Так вот, те, кто готовил выездные документы за кордон во времена «ферросплавного занавеса», могут мои стенания тех лет и пропустить. Вряд ли они узнают что-то новое. А тем, кто мечтал бы по незнанию вернуть то, что так легко и в то же время так болезненно кануло за «горизонт невозвращения», попробую передать степень бессмыслицы и тупой непробиваемости, в которой приходилось нам жить. Окунаться в те события – это как трогать слегка ссохшиеся раны. Вроде и больно, но в то же время по-мазохистски приятно щекотно.
Сразу определюсь: я – за социализм. Но не за липовый. За настоящий, пусть даже с человеческим лицом. Но до него надо дорасти. И не только экономически, не только сознанием, но и душой, которую материалисты не признавали, но которой активно умели манипулировать.
Да, мы жили в стране победившей недозрелости.

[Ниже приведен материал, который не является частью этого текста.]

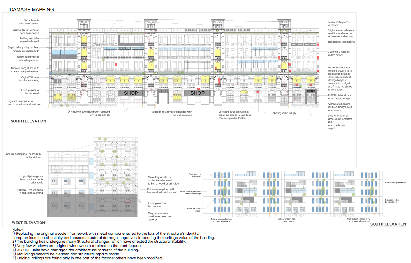 Sitaram Sadan is a heritage conservation project focused on the documentation, restoration, and preservation of a historic stone masonry building characterized by arched openings, decorative moldings, cornices, and traditional window elements. The damage mapping highlights deterioration, material alterations, and loss of original architectural features affecting the façade and structural integrity. The project aims to conserve the building’s architectural character and heritage value while ensuring its continued functional use and contribution to the historic precinct.

Попробую объяснить. Человечество в целом и по цивилизациям в частности проходит те же этапы взросления в своем духовном, научном и производственном развитии, что и каждый отдельный хомосапиенс: первобытнообщинное младенчество, рабовладельческое детство, средневековая юность и, наконец, капиталистическая молодость. Должна когда-нибудь наступить социалистическая зрелость, но не за одну октябрьскую ночь. До нее дозреть надо и не только экономически, но, главное духовно.
А разницу между молодостью, еще несущую в себе эгоизм роста, и акмеизмом (так греки называли взрослость) я осознал в заморских странах на пути в Антарктиду. Как, впрочем, и всю выше изложенную теорию эволюции по Слесаренко, который еще появится на этих страницах.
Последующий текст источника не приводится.